I will be there too!!!!!  Flying out of Toronto.


----------



## Zhang (16 Jul 2013)

They are flying me out of Pearson on the 3rd of Aug. I'm going for Vehicle Tech.


----------



## mboutin (16 Jul 2013)

Secord91 I'll be there too as tech med but a week later  I only start on August 12th : (


Congrats and I hope you guys will enjoy  !


----------



## polishman23 (16 Jul 2013)

any supply tech going?


----------



## puddle_son (17 Jul 2013)

Just got the news today I'll be flying in from victoria on the 3rd to Quebec can't wait.  See you all in a couple weeks


----------



## FlaintheCF (24 Jul 2013)

Heyyyy! I will be there!!!
Cool, we'll be in the same platoon!

When do you get sworn in?
What city are you coming from?


----------



## FlaintheCF (24 Jul 2013)

Hey guys! I will be there! 
Reporting for duty August 3... I guess its the same as you... officially starting Aug 5!

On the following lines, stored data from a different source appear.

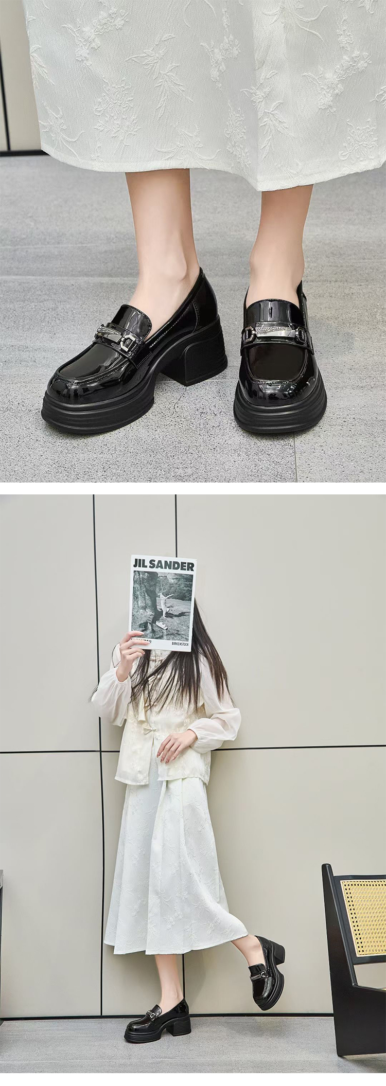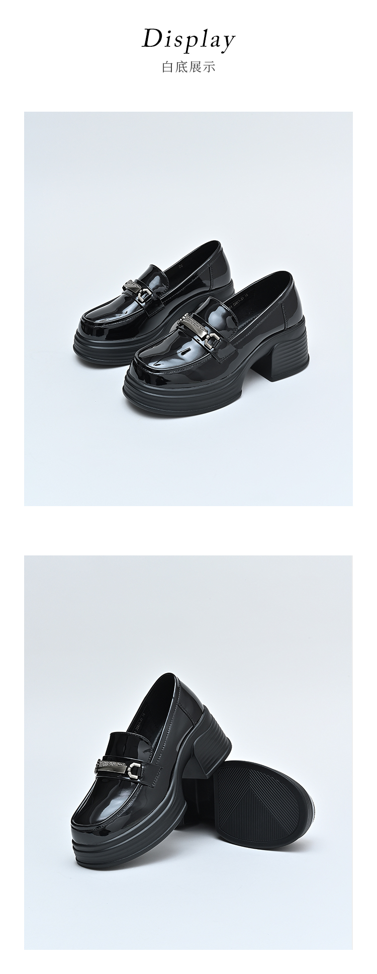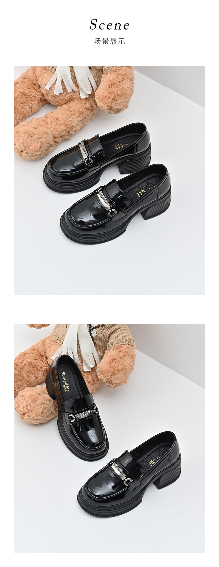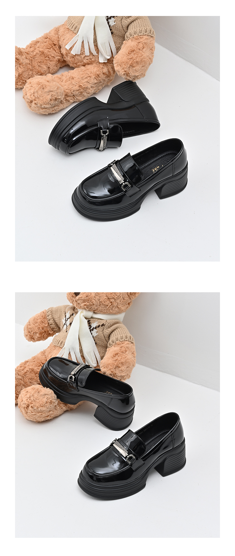 经典鲨2025年百搭圆头黑色高粗跟气质简约显瘦乐福鞋单鞋女KC19-517051
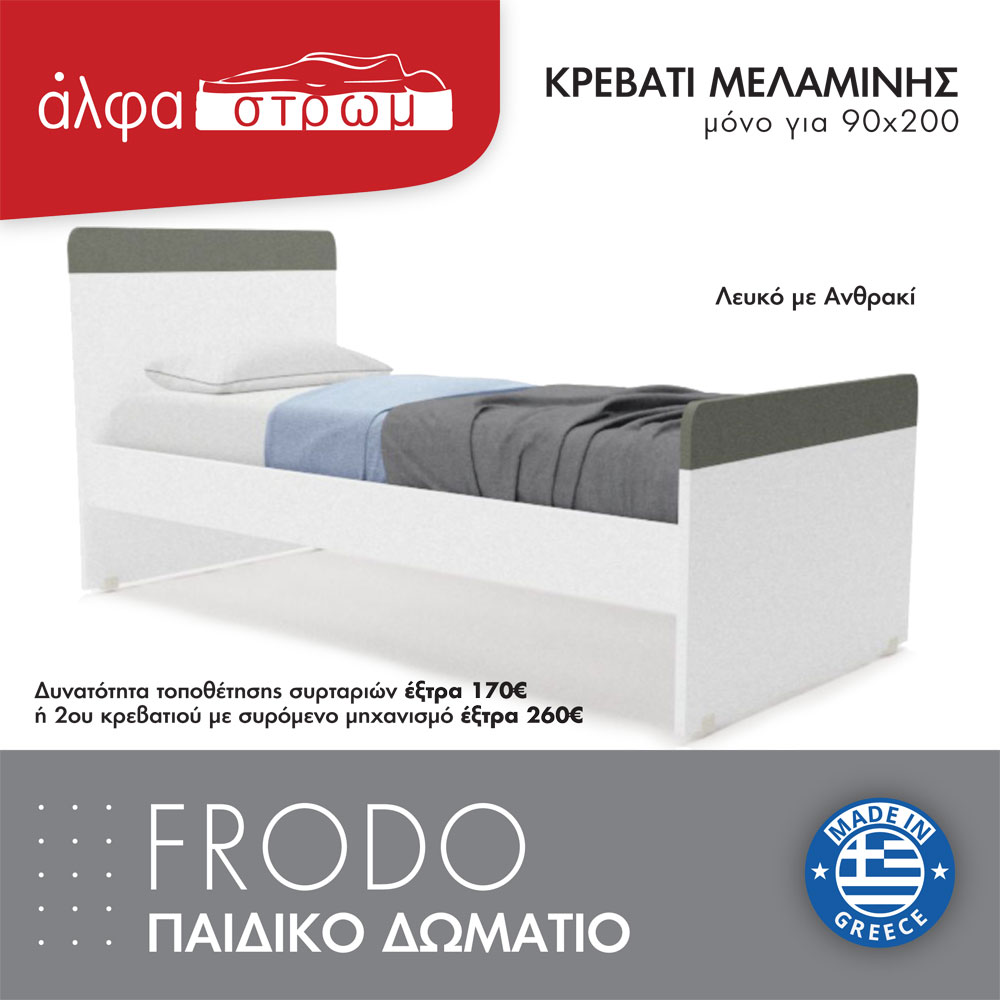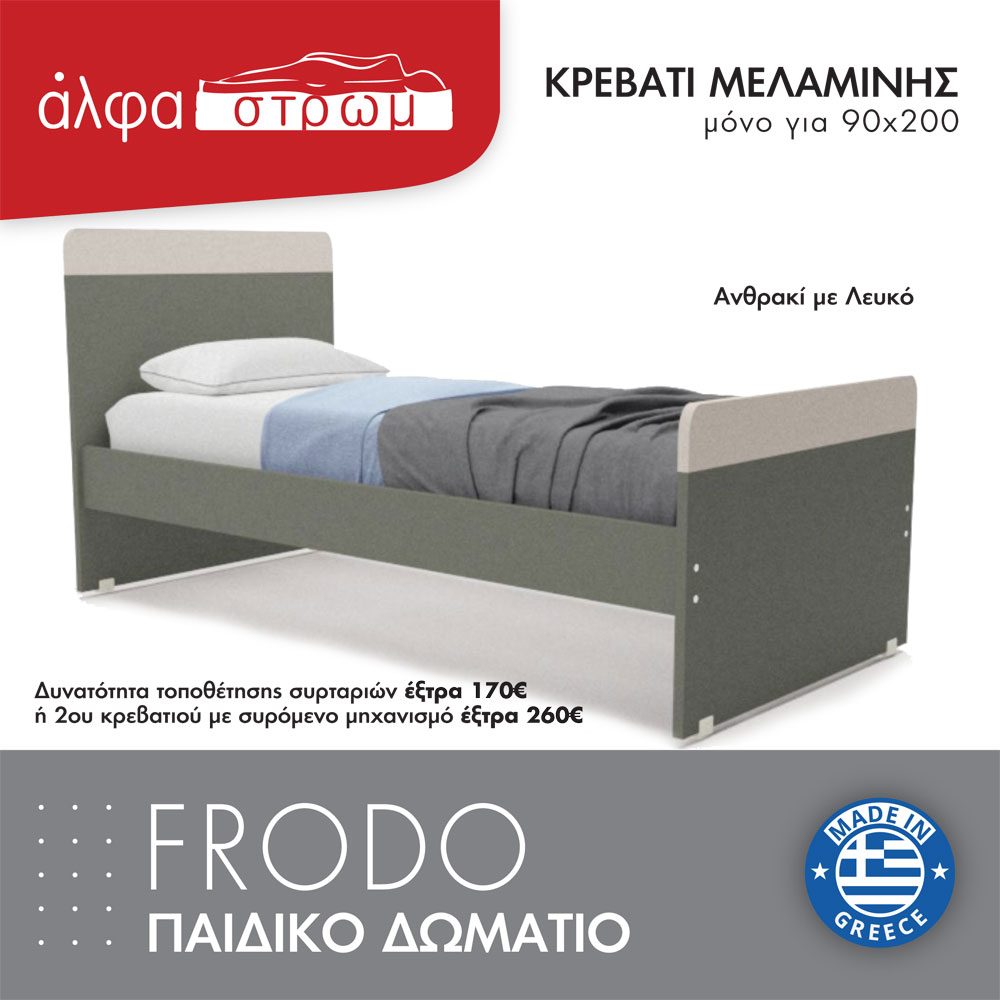 Ένα στιβαρό κρεβάτι μελαμίνης κατάλληλο για παιδιά (και ενήλικες). Είναι ελληνικής κατασκευής και βγαίνει μονόχρωμο ή σε συνδυασμό 2 χρωμάτων. Τα χρώματα των ξύλων και των υφασμάτων μπορεί να διαφέρουν ελαφρώς από την εικόνα.
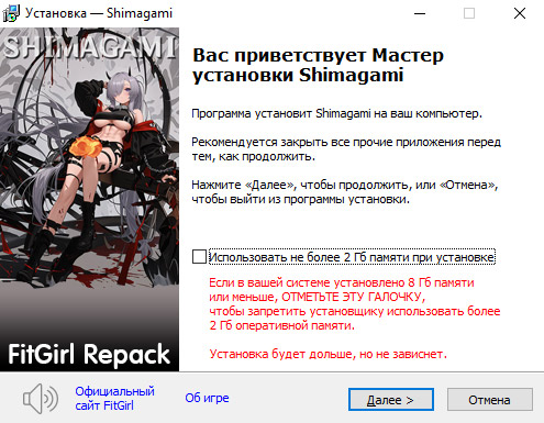 - Для установки репака требуется минимум 2 Гб свободной оперативной памяти (включая виртуальную)
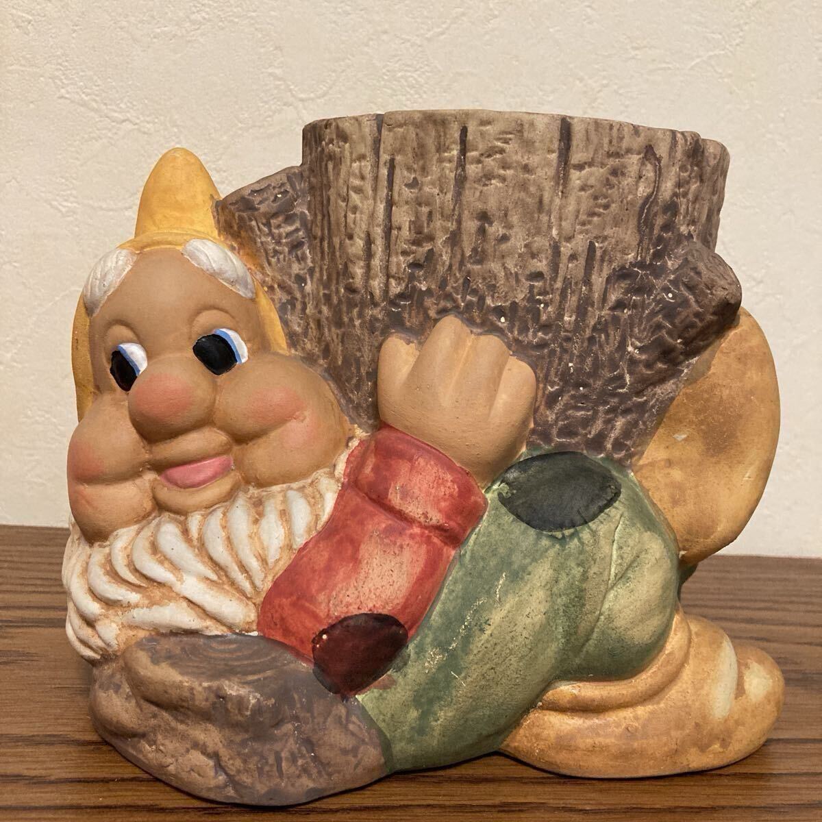 - 陶器 小人の鉢カバー プランター ガーデン雑貨 木の切り株 レトロ 置物 オブジェ インテリア 小物入れ
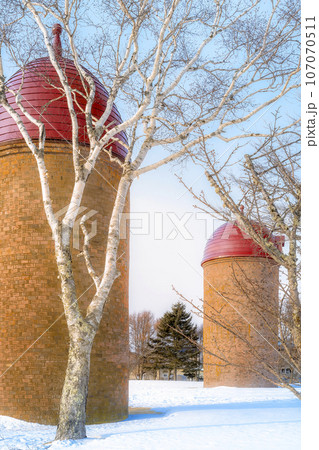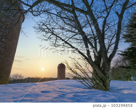 北海道根室市・雪景色の明治公園サイロ広場 / Nemuro, Japan
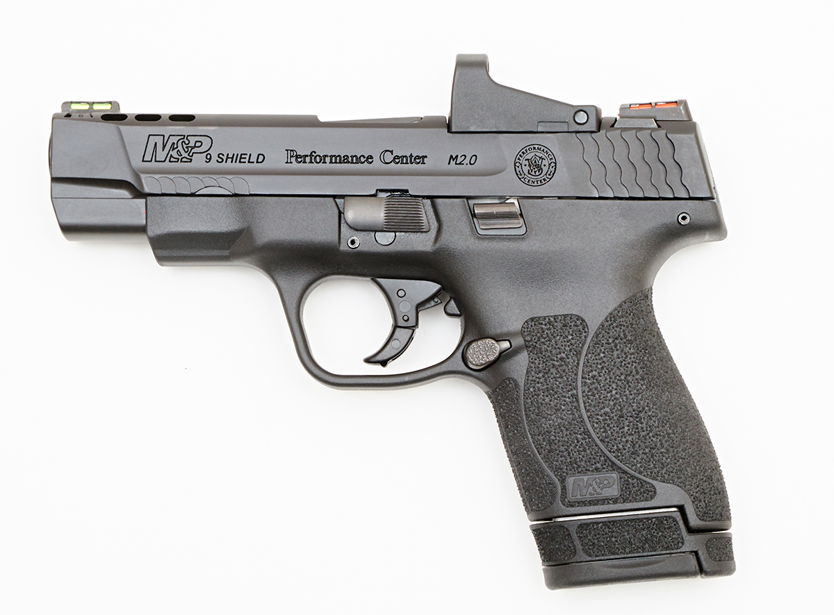 On the other side of the coin, we have the Smith & Wesson Performance Center (PC) M&P9 Shield M2.0 with a ported 4-inch barrel. Standard Shields typically come with 3.1-inch barrels, but with the barrel being the easiest part of a pistol to conceal, Smith & Wesson increased the length and kept the short frame of the original. This particular PC Shield also comes with a miniature reflex sight mounted to the slide, adding some height to the overall package.

Congrats everyone, looking forward to meeting you all there!

Anyone getting there on their own? I'm driving from Ottawa, probably will report Saturday early evening...


----------



## Secord91 (29 Jul 2013)

There was 4 of us 2 med techs and 2 vehicle techs out of Niagara/hamilton area were all flying out of Pearson airport, Toronto!


----------



## Secord91 (29 Jul 2013)

Are you guys buying your own running shoes before going or can you buy a specific kind/colour at CFLRS. Was gonna buy before leaving but not sure now don't wanna have to buy another pair because the ones I bought weren't standard. Also for bathing suits theyre supplied by the QM I'm guessing that means theyre military issued and we don't have to bring our own?


----------



## MikeL (29 Jul 2013)

The shoes CFLRS issue are junk, and I'm not sure what selection the Canex there will have. If you have a favorite brand/model you like, buy it and bring it with you. 

If the joining instructions say to bring a bathing suit, bring one or buy from the Canex. I don't recall being issued a bathing suit.



Have a look through this.

http://www.cflrs.forces.gc.ca/menu/pd/bic-cib/index-eng.asp#5


> Equipment
> 
> All candidates arriving for training at CFLRS, whether they are new or current CF members will require the items listed in part 1 and 2 of Annex B to begin their basic training. Items listed in part 1 can be brought by candidates or purchased at their expense at Canex while items in part 2 will be exclusively purchased at Canex after their arrival. Candidates who are already CF members will also arrive with the military equipment (in serviceable condition) listed in part 3 of Annex B to this document.


----------